::: Supplied material :::

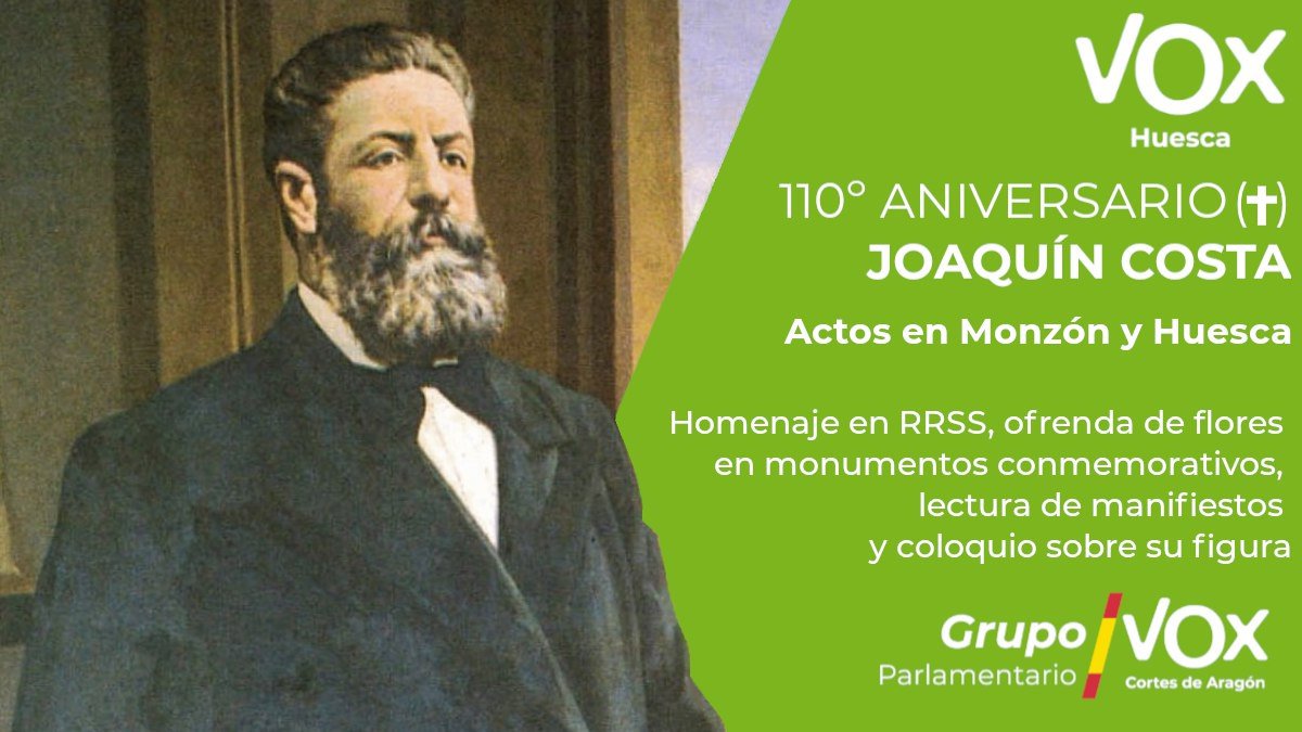 Para honrar su memoria y sus aportaciones, VOX Huesca ha organizado el próximo jueves, 4 de febrero, en Monzón, a las 11.00 horas, la lectura de un manifiesto y una ofrenda de flores junto al monumento a Joaquín Costa, ubicado en la avenida Lérida de la localidad montisonense.
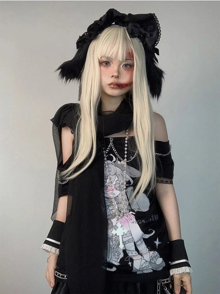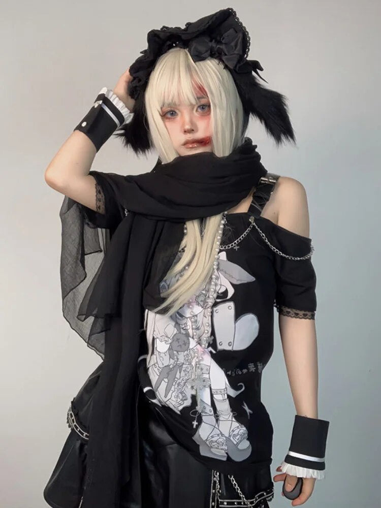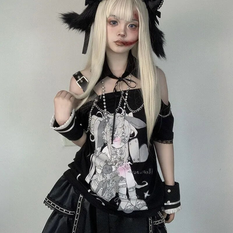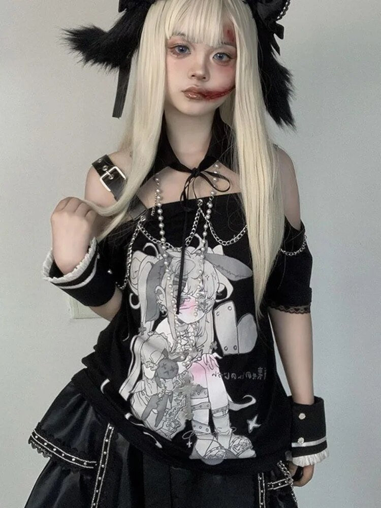 🌸 Pastel Menhera Off The Shoulder Tee 🌸 – Edgy Kawaii Meets Fashion Forward!
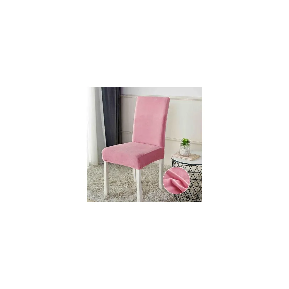 Set 6 Huse Elastice pentru Scaun, Catifea,Roz -JO236
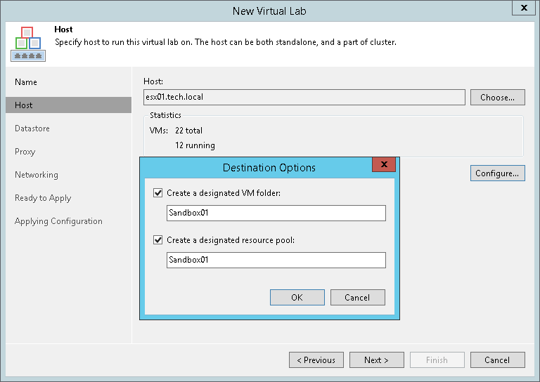 - For every new virtual lab, Veeam Backup & Replication creates a dedicated folder and resource pool on the ESX(i) host. By default, the folder and pool have the same name as the virtual lab. To change the name of the folder and/or resource pool, click Configure. In the Destination Options window, enter the necessary names.

:::

Work order: Everything in the listing is to be returned word for word, except the pictures.

Response area:
 Para honrar su memoria y sus aportaciones, VOX Huesca ha organizado el próximo jueves, 4 de febrero, en Monzón, a las 11.00 horas, la lectura de un manifiesto y una ofrenda de flores junto al monumento a Joaquín Costa, ubicado en la avenida Lérida de la localidad montisonense.
 🌸 Pastel Menhera Off The Shoulder Tee 🌸 – Edgy Kawaii Meets Fashion Forward!
 Set 6 Huse Elastice pentru Scaun, Catifea,Roz -JO236
 - For every new virtual lab, Veeam Backup & Replication creates a dedicated folder and resource pool on the ESX(i) host. By default, the folder and pool have the same name as the virtual lab. To change the name of the folder and/or resource pool, click Configure. In the Destination Options window, enter the necessary names.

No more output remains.